Lastly, once an X-Engine is running and synchronized, it will fill in any missing frames in its internal queues with zeros. However, if the pipeline is not keeping up, these queues can eventually grow and consume the memory in the system. Over short periods (2-5 minutes), this can let you oversubscribe the pipeline depending on how much memory you have. But it is not recommended. Generally, using a tool such as htop and monitoring memory usage until you are sure your system is fast enough for your antenna configuration and can keep up is recommended.
There are a few support / testing apps in the apps subdirectory that could be of interest.
datetime_from_timestamp.py - Takes a Unix timestamp (e.g. SNAP sync timestamp) and prints the date/time in a readable format.

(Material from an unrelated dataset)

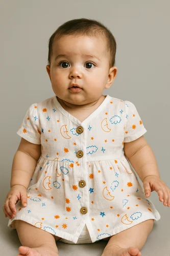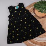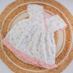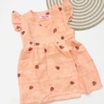 Peach strawberry print frock - adorable muslin frock cute strawberry embroidery soft puff sleeves and wooden button details for your baby's everyday comfort and charm.

numa_list_nodes.py - Prints information about CPU-to-node numbers.
read_voltage_pcap_v2.py - Reads the SNAP v2.0 packets and can print out the header information including timestamps and packet starting channels. A number of other features are available and can be seen from the --help option.
replay_pcap_to_mcast.py - Can replay a PCAP recording back out to a multicast group. Note: Playback speed will be slower than realtime given the high packet rates.
replay_pcap_to_udp.py - Can replay a PCAP recording back out to a specific destination. Note: Playback speed will be slower than realtime given the high packet rates.
antenna_cordinets_ecef.txt - ATA telescope locations in ECEF coordinates.
antenna_cordinets_enu.txt - ATA telescope locations in a relative ENU coordinate system.